Pour se transformer, il faut développer sa capacité de réaction et son efficacité devant l’évolution rapide des modèles économiques, l’arrivée de technologies innovantes, l’émergence de nouveaux concurrents et la mutation des usages des consommateurs. Il faut garder à l’esprit que tout concurrent potentiel d’envergure risque de surgir d’un marché extérieur à son propre univers de concurrence direct. Il y a quelques années, le logiciel gratuit Skype n’a pas été considéré comme une menace directe par les groupes de télécommunications. De même, Twitch, plateforme de transmission en continu spécialisée dans le sport, ne figure pas dans la liste des concurrents des câblodistributeurs alors que, pour la première fois cet été, nous apprenions qu’ESPN perdait des abonnés.

Pour réussir dans cet environnement, il faut donc savoir s’extirper de sa zone de confort et créer cette dynamique de créativité.

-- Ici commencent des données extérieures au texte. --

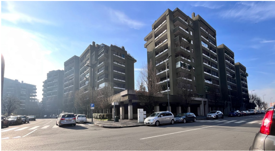
Immagine 0. Si tratta di un complesso edilizio integrato che comprende residenze e spazi commerciali al piede dell'edificio che si raccordano con la pubblica via attraverso un sistema di portici.

Mais avant de se lancer tête baissée dans le processus de changement, les instances dirigeantes doivent avant tout choisir le cap et présenter la vision stratégique de leur entreprise afin de ne pas tomber dans le piège de la transformation inutile. C’est cette vision même qui suscitera une dynamique de transformation efficace et non l’inverse. C’est également cette vision qui, par la suite, devra être porteuse de sens pour l’ensemble des collaborateurs, qui seront à leur tour acteurs de cette transformation en mettant à profit leur savoir et leur créativité. Il est donc important que cette vision soit incarnée. Sortir du cadre, faire preuve de créativité et d’anticipation, s’immerger dans l’univers numérique, courir des risques : les dirigeants et la haute direction ont un défi de taille à relever pour faire de ce contexte de discontinuité une occasion de développement pour leur entreprise.

Une culture d’agilité

Vient ensuite la question de la méthode et des moyens humains et financiers nécessaires pour mener à bien le processus de transformation. Beaucoup de théories circulent sur ce sujet et suscitent de nombreuses interrogations : faut-il aller vers une structure organisationnelle plus horizontale ? Faut-il créer une cellule consacrée à l’innovation ? Faut-il nommer un directeur de la stratégie numérique ? Comment intégrer l’innovation à tous les maillons de la chaîne de valeur ? L’innovation repose-t-elle principalement sur la technologie ? Le changement de méthodes doit-il être brusque ou progressif ? La transformation numérique entraîne-t-elle systématiquement des suppressions de postes ? Une transformation numérique doit-elle passer par une stratégie en matière de médias sociaux ? Enfin, le Graal en matière d’innovation : comment rendre mon entreprise plus agile ?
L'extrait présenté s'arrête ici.